The picture is bright, vibrant and colourful with a high level of detail throughout. During the many night time and dark interior scenes the colours still manage to remain well defined with good depth and the many fast action scenes were handled by the encoding process with ease. The bit-rate also remains high throughout and there is no sign of artifacting or outlining. The CGI effects blend in perfectly with the live action moments and the print is clean and free from any dust scratches or other picture imperfections.
For an action film the sound is a little on the disappointing side. Whilst the dialogue is crisp and clear in the centre channel, with a good all round performance in the front channels, when it came down to the action scenes the surround channels were rather underused. Never the less, it still manages to envelop you in the action. It's just a pity that it didn't go that little bit further and deliver the potential is really had.

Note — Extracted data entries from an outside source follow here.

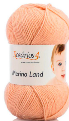
MERINO LAND Colour 35 (100% merino wool)

In garter stitch (knitting all rows): knit to the turning point, slip the first stitch purlwise with yarn in front and bring yarn to the front of work. Place the slipped st back on left hand needle, turn the work and knit.
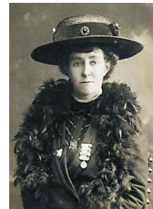
Emily Davison Born: 1872 in London, England Died: 1913
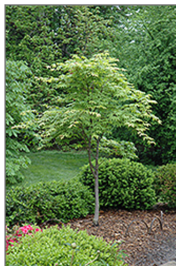
Osakazuki Japanese Maple
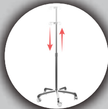
Ultra Flexible Height Adjustment

This rolling floor stand provides a secure rolling cart with hooks hang up to three bags of fluids for transfusions, IV drips, and other medical requirements. The sturdy steel and aluminum cart moves smoothly on five casters that lock in place with a convenient foot toggle. An adjustment knob allows for multiple height positions, making this floor stand versatile enough for hospitals, doctors' offices, clinics, home use, or any place a sturdy IV stand is required.
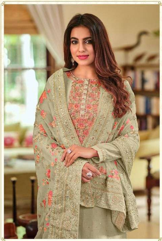
Nyra - 1373
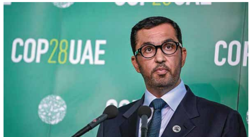
Controversial appointment: Sultan Ahmed al-Jaber speaks at a event at the Bonn Climate Change Conference in Bonn, Germany on June 8.

In July Mr. al-Jaber was also appointed Chairman of the Emirates Development Bank, which according to his Ministry's website, provides financial services for the sustainable economic and social development of the UAE.
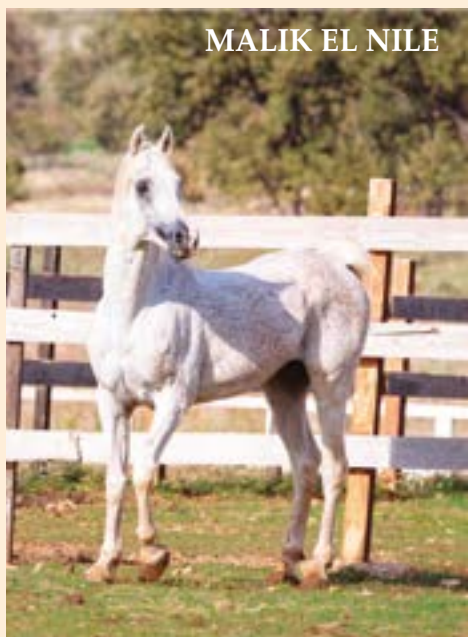
MALIK EL NILE
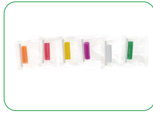
• 81-10003 Chewies, round With 1 glue stick + 1 chew Orange/red/yellow/purple/white/green 1set/bag
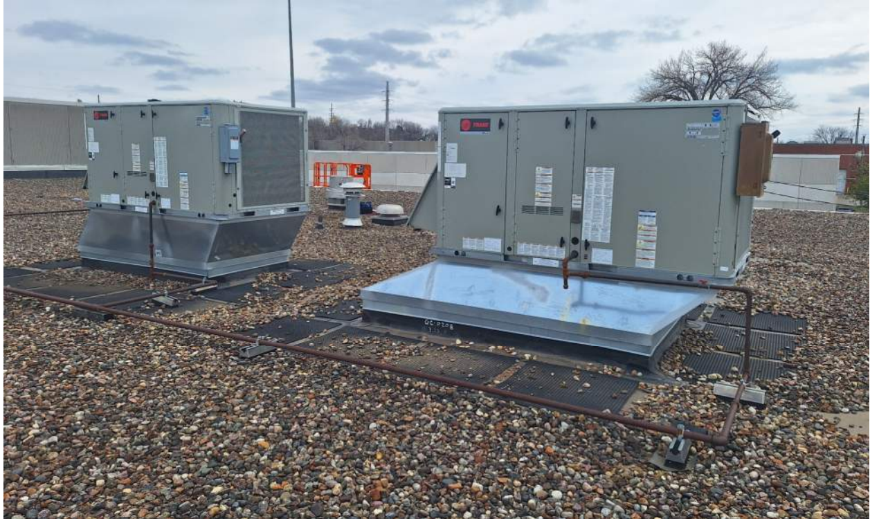
BUILDING EXTERIOR - ROOFTOP UNITS SOUTH SIDE LOWER ROOF
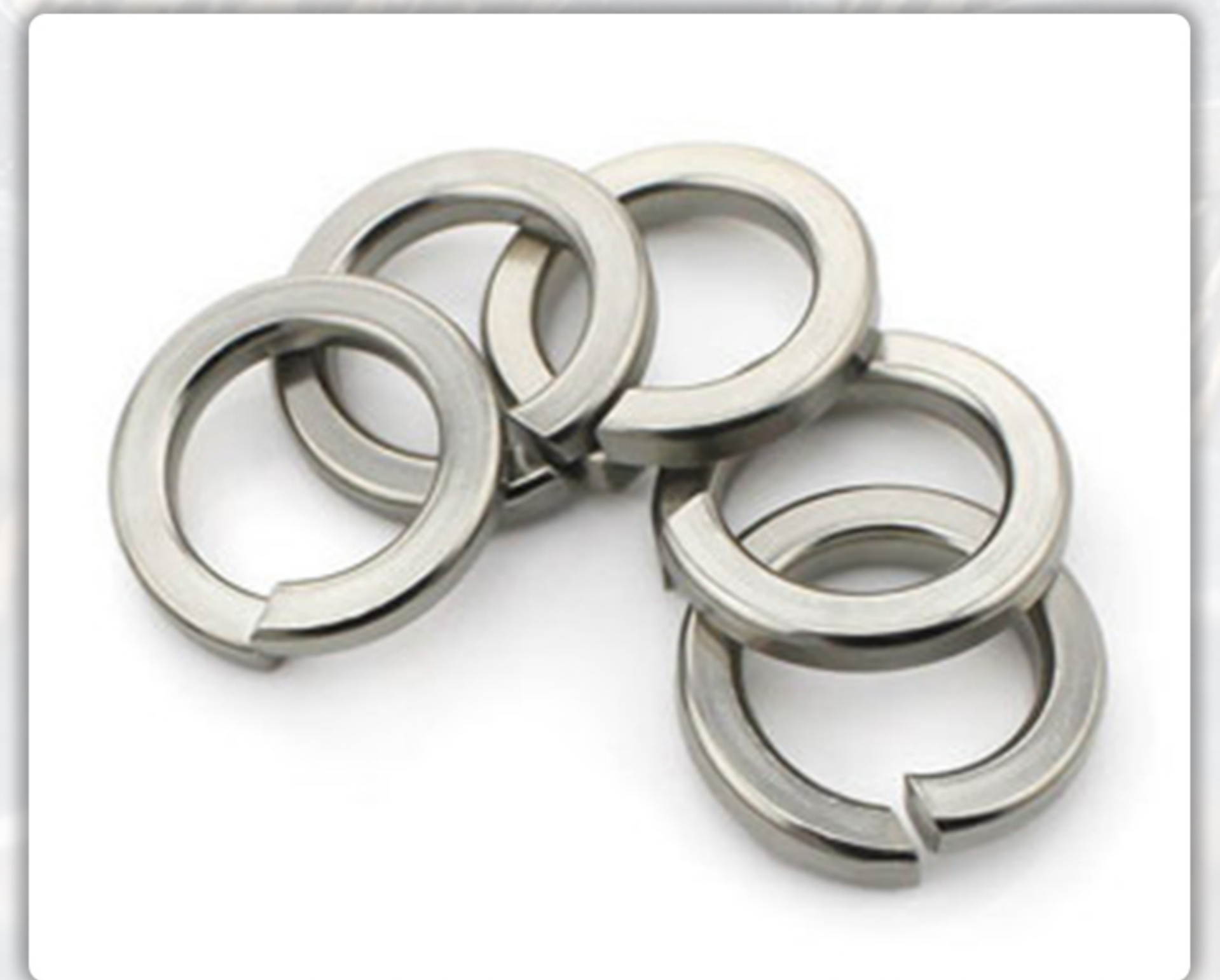
» SPRING WASHERS
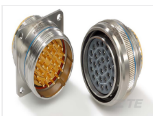
TE Part #ZPF000000000164349 983-ORS 10-05 PY
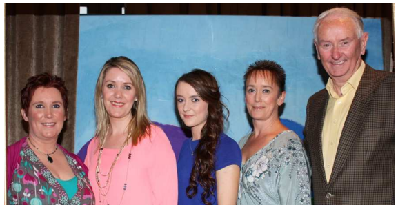
Pictures above from the 50th Anniversary Celebrations.
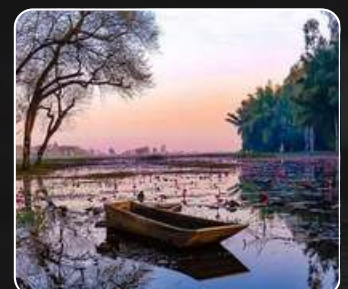
Gulawat Lotus Valley

PADHARO JI PADHARO — WHERE THE WARMTH OF PAVANA MEETS THE HERITAGE OF MALWA-NIMAD.
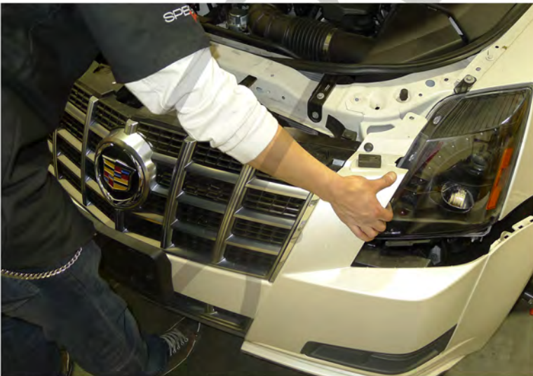
33. Replace the front bumper
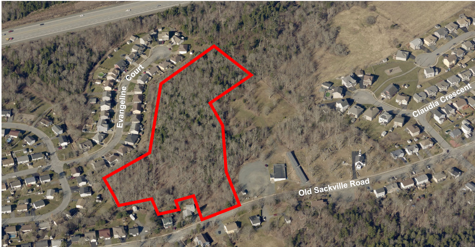
Approximate representation of parcel RL-1. Accuracy not guaranteed, see instead Attachment A – Plan of Survey.
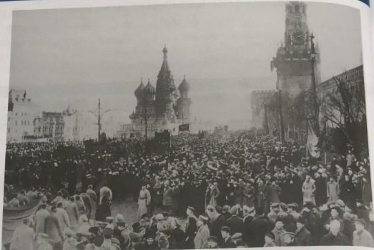
Fig. 1 Russia was considered backwards in the early twentieth century

The nineteenth and early twentieth centuries had seen huge industrial and political advances in Western Europe. The development of new forms of energy, the spread of railways and the expansion of trade together with advances in medicine and improvements in public health had helped raise living standards for an increasing proportion of the population. Alongside such change, social and political advances had occurred. Standards of literacy had increased, the old social hierarchies had broken down and an increasing number of people had gained the right to vote for a law-making assembly.
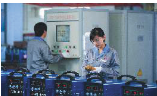
Calibration and Debugging Procedure
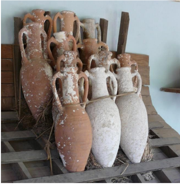
Image of ancient ceramic amphorae.

John 2:7 “to the brim”: This foreshadows Jesus’ blood which is completely available to all. I love the image of filling our vessels, or lives, completely with the Lord’s directions, and likewise, His atonement. To make His future blood/wine to purify all, His atoning sacrifice also required taking Him to the brim of His Divine capacity (Luke 22:42).

The menu system is pleasantly animated and scored and there's a fairly decent set of extras to accompany the film with a making of featurette and number of deleted and extended scenes. With the film not being that overly long it is hard to see why some of the scenes were cut, although some are rather mind numbingly boring and were correctly removed from the final cut. Again, the same could be said of the extended scenes, although I'm sure James Brown will be rather annoyed to discover that the only way you'll see him singing is in the deleted scenes section.
Whilst a number of the outtakes are shown in the closing credits there's a huge number of highly amusing outtakes that would make even the most hardened of people raise a chuckle. Although they are essentially just Jennifer Love Hewitt falling about laughing, and by the sound of it getting the director rather annoyed, they all manage to show just how affable Jackie Chan is. If you ever go to Hong Kong you'll soon discover that Jackie Chan is revered to the point of being a God. And by watching these outtakes and the making of documentary you'll soon see why. Ok, so he may have some big-star grumpy off days, but he does genuinely act and sound like a nice guy.
Whilst the casual film fan is sure to enjoy the comedy antics, fans of Jackie Chan are going to be disappointed with the lack of true fighting action. You only have to watch the films closing credits and the outtakes to see that very little of them involve fighting scenes, and even then they aren't the usual bone crunching ones we all know and wince at. Like Jet Lee in The One and Romeo Must Die, the film has ultimately relied too much on CGI and not enough of Jackie strutting his stuff. Indeed, Jackie once stated that his Hong Kong films were high on action and real life threatening explosions because they couldn't afford the CGI so they just did it for real. Now that's what an action film is all about, taking risks with your cast!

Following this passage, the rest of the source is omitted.